Il se perd, cet homme, en Inde. Cet homme dont on ne sait rien, sauf qu’il a violemment aimé, voilà des années, une femme nommée Joy Archer. Elle vivait en Inde et il l’avait rencontrée par hasard au cours d’un voyage. S’il n’a rien oublié de leur passion fulgurante, il n’avait plus eu de nouvelles d’elle jusqu’à cette lettre énigmatique qu’elle lui a envoyée il y a peu. Alors il est parti à sa recherche. Mais qui est, au fond, Joy Archer ? Le narrateur se fait enquêteur, archéologue aussi, penché sur les vestiges de leur amour. Ambiance moite, mystères opaques, incertitude et irrésolution, la première nouvelle de ce recueil nous plonge dans ce qui fait l’essence même de l’écriture de François Emmanuel. Une écriture que l’on pourrait qualifier de proustienne si le terme n’avait pas été si galvaudé. L’auteur de « La question humaine », de « Regarde la vague » ou encore du « Vent dans la maison » prolonge ici un propos entamé dans des textes précédents, notamment dans « Cheyenn », paru en 2011 : la disparition.

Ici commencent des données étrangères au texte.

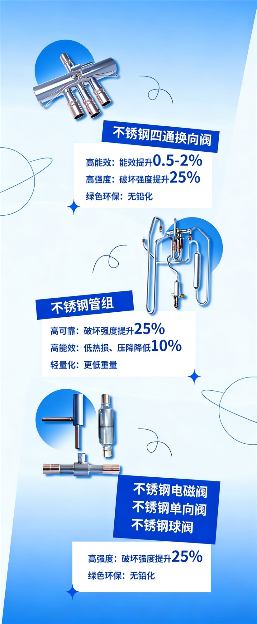 这一观点的背后,是盾安环境在不锈钢代铜领域长达16年的技术深耕与规模化应用。针对早期不锈钢材料加工成型难度高、无法直接火焰焊接、加工精度要求高等行业痛点,公司2016 年起开展不锈钢加工技术研究,已形成成熟稳定的不锈钢产品研发制造体系,凭借深厚的技术积累与卓越产品力,自主研发的不锈钢四通阀、不锈钢管组市场占有率稳居全球第一。

Disparition des êtres aimés que l’on n’a pas assez questionnés et qui nous laissent, pour l’éternité, en proie à nos doutes, nos interrogations, nos remords. Dans la deuxième nouvelle, un homme reçoit un curieux message signé du mari d’une ancienne amante : il le convoque, littéralement, et veut le rencontrer pour parler d’elle, dont on ne saura que la première lettre du prénom, L., elle qui a disparu. La dernière nouvelle est peut-être la plus riche de ce recueil auquel d’ailleurs elle donne son titre. Un grand écrivain de langue espagnole vient de mourir. Dans sa maison au bord de la plage, fermée comme un bunker, s’affrontent sa deuxième épouse, la superficielle et médiatique Maria Tarai, et sa fille Xénia, beauté mystérieuse et intense. Le narrateur se déplace comme une ombre dans les corridors de la maison. Il est le secrétaire du grand écrivain, et à ce titre connait ses secrets les plus intimes. Mais que doit-on trahir pour rester fidèle ?
François Emmanuel nous touche au plus profond de nous-mêmes, faisant surgir des images, des émotions, par une phrase qui cherche à être au plus près des sensations, s’éloigne en digressions pour, toujours, trouver le mot juste.